Can anyone believe it is not? Public insurance rations much more than the system we have now.

American medical treatment costs the most because we deliver the best care in the world and we develop most of the new technologies.

When we go socialist who are we going to free load off of, as the world currently does of us?
Figure that out before leap into any new system.

"American medical treatment costs the most because we deliver the best care in the world and we develop most of the new technologies."

Sorry. I am one of those docs supposedly delivering the best care in the world. We are one of the best, and maybe best in some areas, but your broad assertion is not sustainable if you look at existing data.

Steve

If you worry about the long-term insolvency of Medicare -- which is perfectly legitimate -- you should equally worry about skyrocketing private insurance costs. That's an even faster way to go bankrupt. The growth of overall medical costs is a serious problem, but there's not a shred of evidence that private insurance mitigates the problem. Just the opposite.

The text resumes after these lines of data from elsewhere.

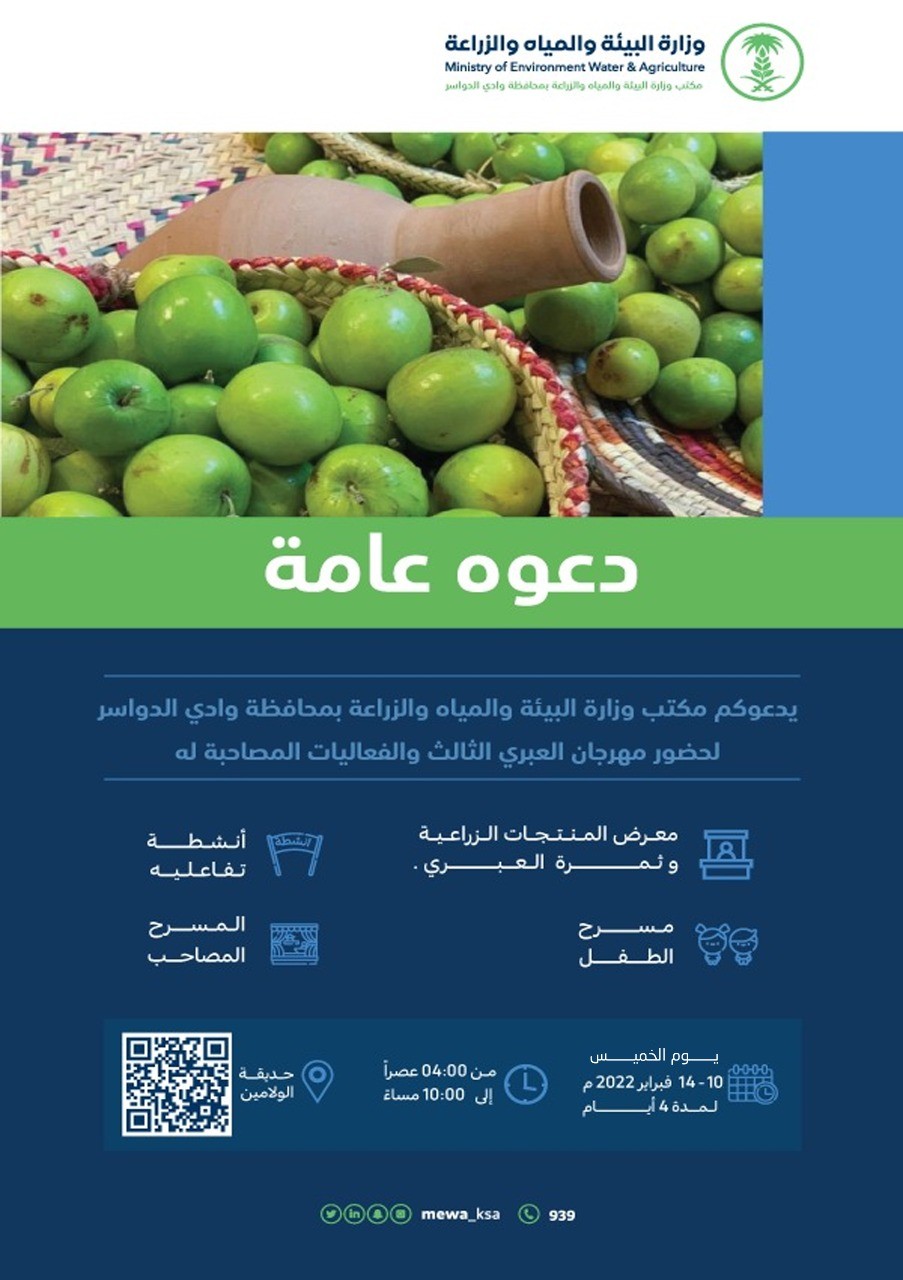 وأوضح مُدير مكتب وزارة البيئة والمياه والزراعة بالمحافظة سهل بن سعد آل بوسباع أن المهرجان الذي سيحضر حفل افتتاحه مُدير عام فرع وزارة البيئة والمياه والزراعة بمنطقة الرياض الدكتور ماجد بن عبدالعزيز الفراج، يتضمن روزنامة من الفعاليات المتنوعة تشمل معرضاً للمنتوجات الزراعية بوادي الدواسر، ومسرحاً للطفل، وفقرات ترفيهية ستقام طيلة فترة المهرجان ولجميع شرائح المجتمع، داعياً أهالي المحافظة إلى زيارة المهرجان والاستمتاع بالبرامج الترفيهية والفعاليات المقامة.
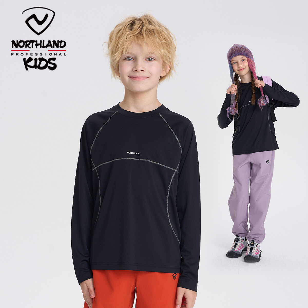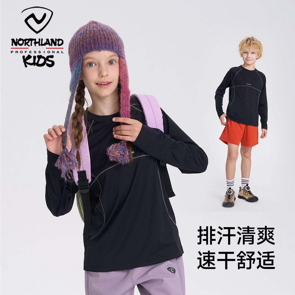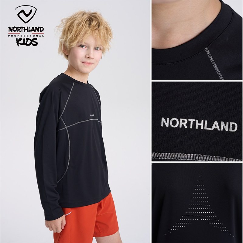 诺诗兰儿童长袖t恤男童女童速干圆领上衣2025秋季新款运动打底衫
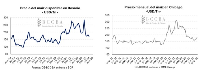 El precio del maíz disponible en Rosario para el mes de enero es de USD 190 por tonelada, por lo que no presentó variaciones interanualmente. Mientras que en Chicago, el cereal cotiza a USD 183 por tonelada, un 3% por encima del valor en enero de 2024.
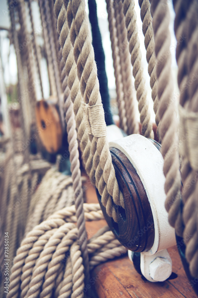 Fotografie Close Up of Historical Ship Ropes and Rigging

I recently saw a presentation that identified the five largest problems in healthcare financing, mentioned in passing that national healthcare would solve all of them but that we couldn't do that because we were America, and then outlined a typically Rube Goldberg-esque solution using the private sector. I like Rube Goldberg. He is awesome. So what if all the other industrialized nation have something that does it for half as much with arguably better results? Their systems are not cool! And besides, economic theory states that their bloated government administrative costs are huge, so it should really only cost them 1/3 what our awesome system does. But so what, we are Americans!

el chief:

Don't let the door hit you on the way out.

McArdle: "No, not the automatic denials so many insurers are fond of, and I'm not defending."

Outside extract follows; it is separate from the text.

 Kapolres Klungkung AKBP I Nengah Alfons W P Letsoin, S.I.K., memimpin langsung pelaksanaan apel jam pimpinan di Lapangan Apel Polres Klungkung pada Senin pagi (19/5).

The automatic denials from insurance companies are a form of price discrimination. The left should be pleased.

I have anecdotes, not data. And I'm not saying the current US system is a dream, either--my father is a US physician who got fed up with Medicare and moved to Zambia, where he's happily practicing in a missionary hospital.

How Medicare actually works:

1) Granny sees doctor for regular checkup.
2) Doctor sees Granny for five minutes, writes prescriptions for placebos for all the ills she gripes about.
3) Doctor's office bills Medicare for "emergency heart operation for Granny".
4) Doctor's office gets a check for $500 six months later.
5) System crunches on, one more day.

Can anyone believe it is not? Public insurance rations much more than the system we have now.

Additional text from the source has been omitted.